Strategy utilized to screen for mutants which enhance transcriptional repression within the central domain of S. pombe centromeres. (A) Schematic representation of S. pombe cen1. (B) Screening procedure. Details are given in the text. wt, wild type; EMS, ethyl methanesulfonate.

FIG. 2

Cold sensitivity and MBC resistance of cep mutants. Cells grown at 32°C were harvested, and about 10³ cells were spotted onto complete medium (YEA) with or without MBC (20 mg/liter). Incubation times were 7 days at 18°C and 3 days at 32°C. WT, wild type.

FIG. 3

(Top and middle) Mutations in cep1, cep2, and cep3 genes enhance repression of the ura4 gene when placed within the central domain of cen1. (Bottom) cep mutations also enhance silencing within the outer (otr) and inner (imr) repeats of centromere 1. Cells grown at 32°C in N/S medium were serially diluted (one-fifth); spotted onto URA⁻, FOA, and N/S plates; and incubated at 32 or 36°C. About 2 × 10⁴ cells were plated in the highest-density spots. Strains and location of the ura4 gene are as indicated. wt, wild type.

FIG. 4

Phenotypes of cep1, cep2, and cep3 mutants at the restrictive temperature. (A to C) Wild-type, cep1-1, cep2-12, and cep3-16 cells were grown to early log phase at 32°C and transferred at 18°C, and samples were taken for analysis every 1.5 h as described in the text. When shifted to the cold, cells from wild-type and cep mutants stopped dividing (A), but after 4.5 h, growth resumed, and a wave of mitosis was observed. Unlike the wild-type control, cep mutant cells divided only once at 18°C (B) and lost viability (C). (D) Cytological analysis by DAPI (red, pseudocolor) and antitubulin staining (green). Row 1 shows that early mitotic cells (spindle length < 5 μm) were first observed 4.5 h after transfer at 18°C. Rows 2 and 3 show that wild-type cells proceeded normally through mitosis (leftmost panels) but that all three cep mutants experienced defective chromosome segregation. After 6 h (row 2), about 50% of anaphase cells displayed lagging and/or aberrantly segregated chromosomes, and later (9 h [row 3]) abnormal telophase and septated cells were observed. After 12 h (row 4), cep1 and cep2 mutants eventually arrested as interphase-like cells while cep3-16 cells attempted a second mitosis but arrested as metaphase-like cells (rightmost panel). (E) Centromere FISH analysis of anaphase cells. The leftmost panel shows a wild-type cell with the centromeres (red signal) separated at both ends of the anaphase spindle (green). In most cases, the FISH signals in cep mutant cells were clustered at only one pole or in the midzone of the anaphase spindle, indicating a defect in sister chromatid separation. (F) rDNA FISH analysis of anaphase cells showing the absence of separation of chromosome III sister chromatids in cep mutants. Bars, 5 μm.

FIG. 5

Western blot detection of HA-tagged Cep1 and Cep1^cs proteins.
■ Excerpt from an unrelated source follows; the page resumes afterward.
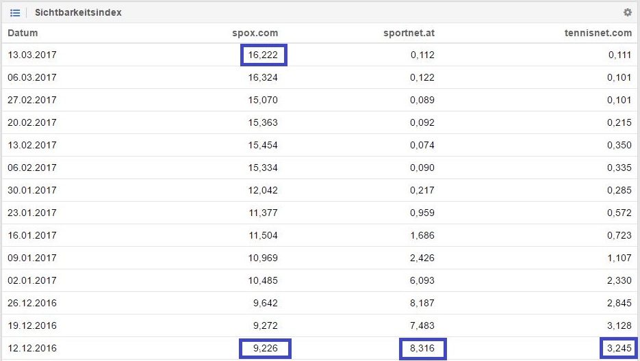 Betrachte man nun beide Domains in einem Vergleich ihrer jeweiligen Sichtbarkeit und legt die Kurven übereinander, ist deutlich erkennbar, dass Mitte Dezember 2016 die Konsolidierung stattgefunden hat, da sportnet.at ab diesem Zeitpunkt verliert und spox.com simultan dazu gewinnt. Von offizieller Seite wurde der Zusammenschluss auch bestätigt (Sportnet wird SPOX Österreich). Spox.com konnte damit knapp 60% an Sichtbarkeit (von 9,3 auf 16,2 Punkten) gut machen.

Equal amounts of total proteins from the indicated strains were loaded in the lanes. The blot was probed with monoclonal anti-HA antibody.

FIG. 6

Cellular localization of Cep1. Cells from strain FY1521 (cep1⁺-HA) were grown to early log phase and then fixed and stained with anti-HA (red), antitubulin (green), and DAPI (blue). (A) Montage showing the localization of Cep1 through the cell cycle. For each cell, the corresponding panels are placed one below the other. From left to right, an example is shown of cells at various stages of the cell cycle from interphase to cytokinesis. (B) Anti-HA signal alone. Bar, 5 μm.